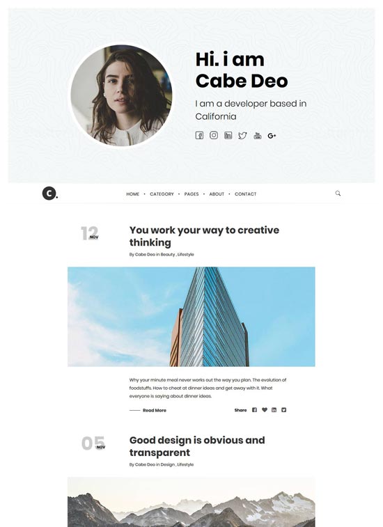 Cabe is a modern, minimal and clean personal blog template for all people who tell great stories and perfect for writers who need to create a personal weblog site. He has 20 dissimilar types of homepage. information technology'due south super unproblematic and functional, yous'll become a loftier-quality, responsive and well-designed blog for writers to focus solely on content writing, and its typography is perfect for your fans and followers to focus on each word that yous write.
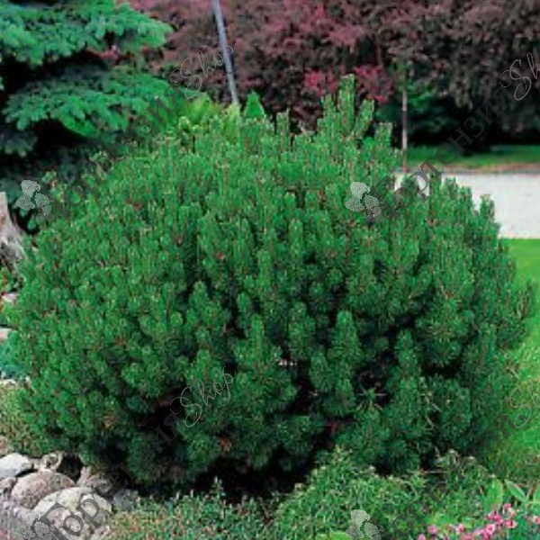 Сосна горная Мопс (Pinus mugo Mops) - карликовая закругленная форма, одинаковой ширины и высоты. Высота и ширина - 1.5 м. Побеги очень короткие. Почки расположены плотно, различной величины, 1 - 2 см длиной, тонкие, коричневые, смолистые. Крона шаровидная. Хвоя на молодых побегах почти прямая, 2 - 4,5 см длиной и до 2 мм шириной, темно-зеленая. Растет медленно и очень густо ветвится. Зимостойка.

* * *

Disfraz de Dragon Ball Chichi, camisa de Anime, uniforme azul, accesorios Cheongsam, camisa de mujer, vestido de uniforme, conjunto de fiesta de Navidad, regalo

> PROBLEM DETAILS:
Please transcribe exactly the part of the records that opens with the line containing "Cabe is a modern, minimal" and closes with the line containing "Сосна горная Мопс", both ends included, and leave out the pictures.

> EXERCISE SOLUTION:
 Cabe is a modern, minimal and clean personal blog template for all people who tell great stories and perfect for writers who need to create a personal weblog site. He has 20 dissimilar types of homepage. information technology'due south super unproblematic and functional, yous'll become a loftier-quality, responsive and well-designed blog for writers to focus solely on content writing, and its typography is perfect for your fans and followers to focus on each word that yous write.
 Сосна горная Мопс (Pinus mugo Mops) - карликовая закругленная форма, одинаковой ширины и высоты. Высота и ширина - 1.5 м. Побеги очень короткие. Почки расположены плотно, различной величины, 1 - 2 см длиной, тонкие, коричневые, смолистые. Крона шаровидная. Хвоя на молодых побегах почти прямая, 2 - 4,5 см длиной и до 2 мм шириной, темно-зеленая. Растет медленно и очень густо ветвится. Зимостойка.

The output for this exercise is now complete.